Islamic Extension, Louvre Competition, Paris, 2008. Digital image. Courtesy Zaha Hadid Architects

Zaha introduces Zaha Hadid (1950–2016) as the head-strong, furniture-designing, untamable child of a socially progressive Iraqi statesman prominent in the 1950s and ‘60s. As a girl and adolescent, she witnessed Iraqi history—and the collapse of its democracy—unfold in her living room. The adult Hadid imported the democratic socialism of her upbringing into her avant-garde practice in London where she cultivated an inclusive public sphere in buildings that have a socializing agenda beneath the aesthetics. The camera saw her early buildings as fragmented and levitated, and the later buildings as fluid, but it overlooked the social content of her democratized spaces, and never revealed just how Hadid and her office conceived these unprecedented buildings. Relating the personal and professional, Zaha delves into her life and office, rooting the development of her complex vision in the character of the vulnerable, smart, shrewd human being—the whole Hadid—who structured an office that, under her leadership, collectively manifested her practice.

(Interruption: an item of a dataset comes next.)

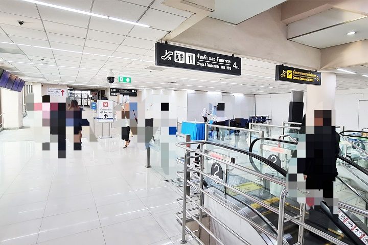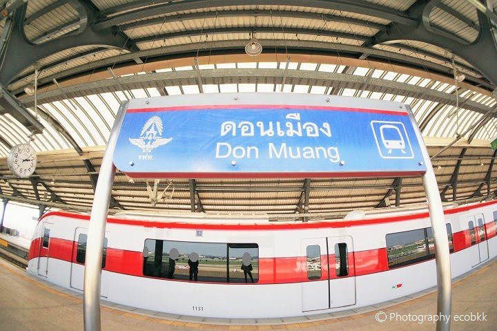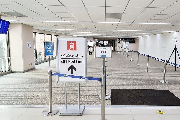 ドーン・ムアン空港の国際線ターミナル1にいる場合は、まず国内線ターミナル2へ移動しましょう。国内線ターミナルの2階に行くと、SRTドーン・ムアン駅に通じる通路があります。国際線ターミナル内にも、道中SRT Red Lineへ誘導する看板があります。
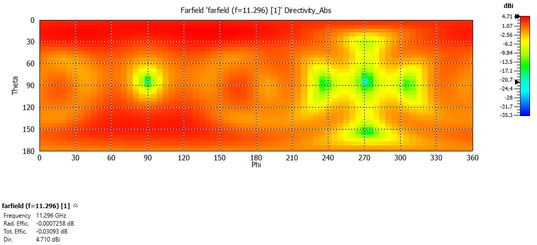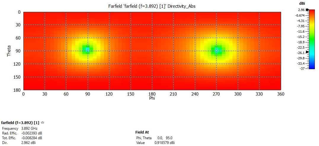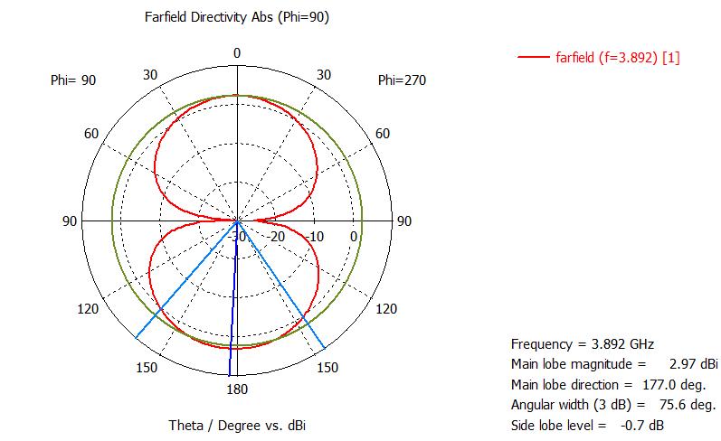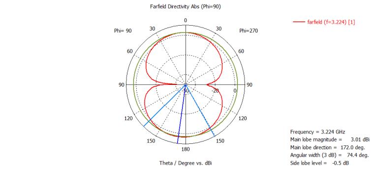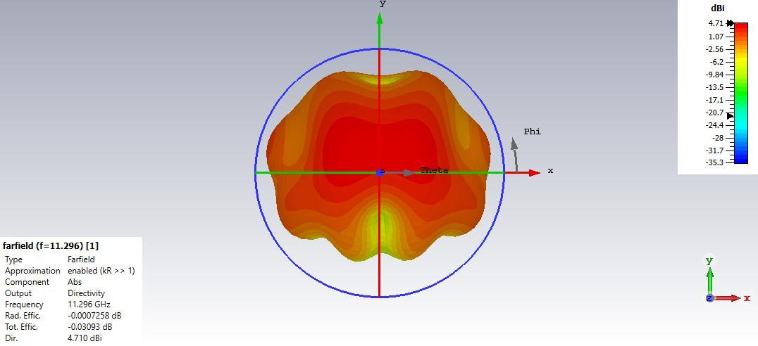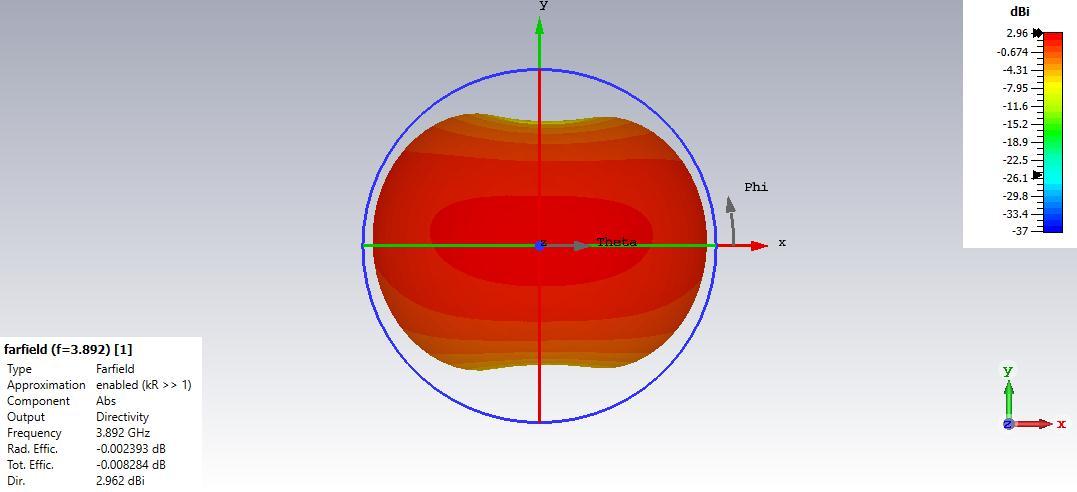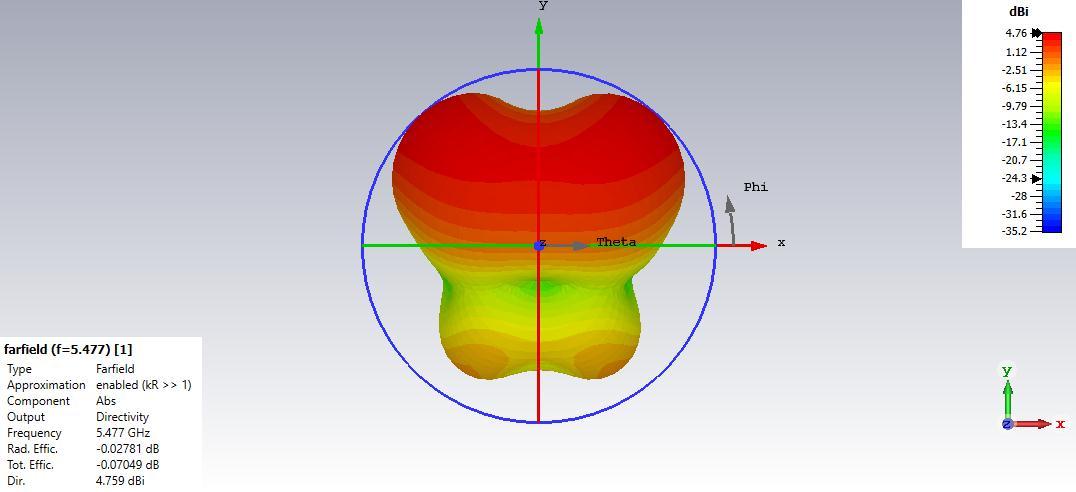 Figure4depictstheradiationpatternofthepolarplotforresonantfrequenciesof3.892GHz,5.477GHz,and11.296GHzforthe proposedtextilemicrostripantenna.Figure5depictsthetwo-dimensionalCartesianradiationpatternat3.892GHz,5.477GHz, and11.296GHz.Figures6and7depictthetwo-dimensionalandthree-dimensionalradiationpatternsatresonantfrequencies 3.892GHz,5.477GHz,and11.296GHzarethefrequencies.Theradiationpatternindicatesthemajorlobe'sorientation=177.0 degrees,150.0degrees,and11.0degrees.Anangularwidth(3dB)of75.6degrees,51.0degrees,and47.4degrees,withamajor lobemagnitudeof2.97dBiataresonantfrequencyof3.892GHz,4dBiataresonantfrequencyof5.477GHz,and4.27dBiata resonantfrequencyof11.296GHz.Witharadiationefficiencyofalmost0.002393dBfor3.892GHz,0.02781dBfor5.477GHz,and 0.0007258dBfor11.296GHz,directivityis2.962dBi,4.759dBi,and4.710dBi.

An activist critic, Joseph Giovannini has written thousands of articles on architecture, design and urbanism for the New York Times, Art in America, Architect magazine, and The New York Review of Books. He has served as the architecture critic for New York Magazine, The Los Angeles Herald Examiner, and currently The Los Angeles Review of Books, and contributes regularly to Architectural Record and Interior Design. His monumental Architecture Unbound: A Century of the Disruptive Avant-Garde (Rizzoli) was published in 2021. He has been nominated for a Pulitzer in criticism three times. He coined the term “Deconstructivism.” A Yale graduate, Giovannini also has a master’s in French language and literature from Middlebury College, through studies at the Sorbonne, and an MArch from Harvard University's Graduate School of Design. He has taught graduate design studios at the Columbia University; Pratt; University of California, Los Angeles; and University of Southern California’s School of Architecture.